Monday, July 28, 2008

Topic: Censorship

10-Second Review: Preparing for censorship challenges.

Quote: "The trouble with censorship is that once it starts, it is hard to stop. Just about every book contains something that someone objects to.” –Studs Terkel. US News & World Report, 1982. Quoted in The Writer (August 2008), p. 9. The Writer is a magazine by writers for writers. Its goal is to encourage writers not to quit trying.

Comment: Be prepared for possible censorship incidents. Do your homework. Complete the following information BEFORE assigning a book to read with your classes. [My thanks to the National Council of Teachers of English]:

1. A brief summary of the book.

2. A brief description of the controversial parts of the book.

3. Appropriate grade and maturity level of the students who will be reading the book.

4. A detailed plot summary.

5. Values of the book to the students who read it.
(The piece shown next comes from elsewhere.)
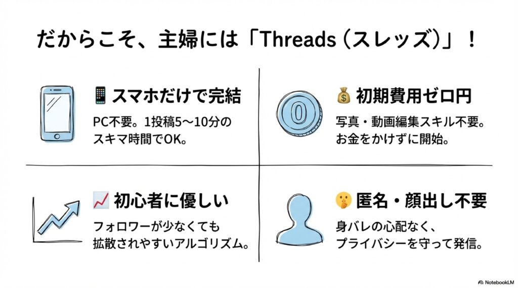 結論から言うと、主婦こそThreadsに向いています!スマホだけ・顔出し不要・スキマ時間でOKなので、育児しながら始める方が増えています。この記事で全部説明しますね。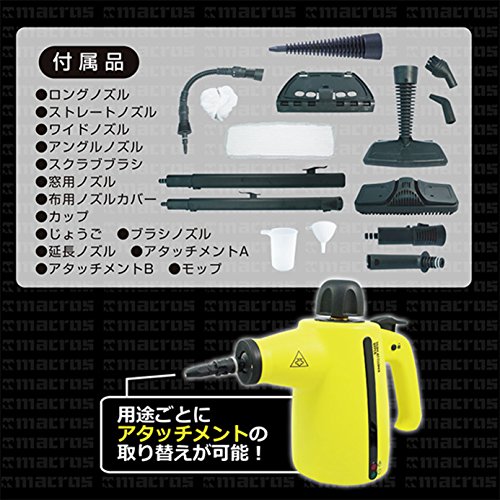 - 付属:ロングノズル92cm、ストレートノズル、ワイドノズル、アングルノズル、スクラブブラシ、窓用ノズル、布用ノズルカバー、カップ、漏斗、ブラシノズル、延長ノズル、アタッチメントA、B、モップ

6. Literary qualities of the book.

7. Objectives in using the book.

8. Teaching methods to be used in reading the book.

9. Assignments to be completed by the students while reading the book.

10. Possible objections to the book.

11. Professional educators’ opinions about the values of reading the book.

Thanks to

Thinking through this information about the book should prepare you for possible censorship challenges. It will also make certain that this is the right book for your particular group of students.

Also in place should be a questionnaire to be completed by a challenger and a committee that discusses and renders a decision on the future of the book in the curriculum.

The purpose of this blog is to share interesting ideas I have found in recent American professional publications dealing with the teaching of English at all levels, elementary, secondary and college.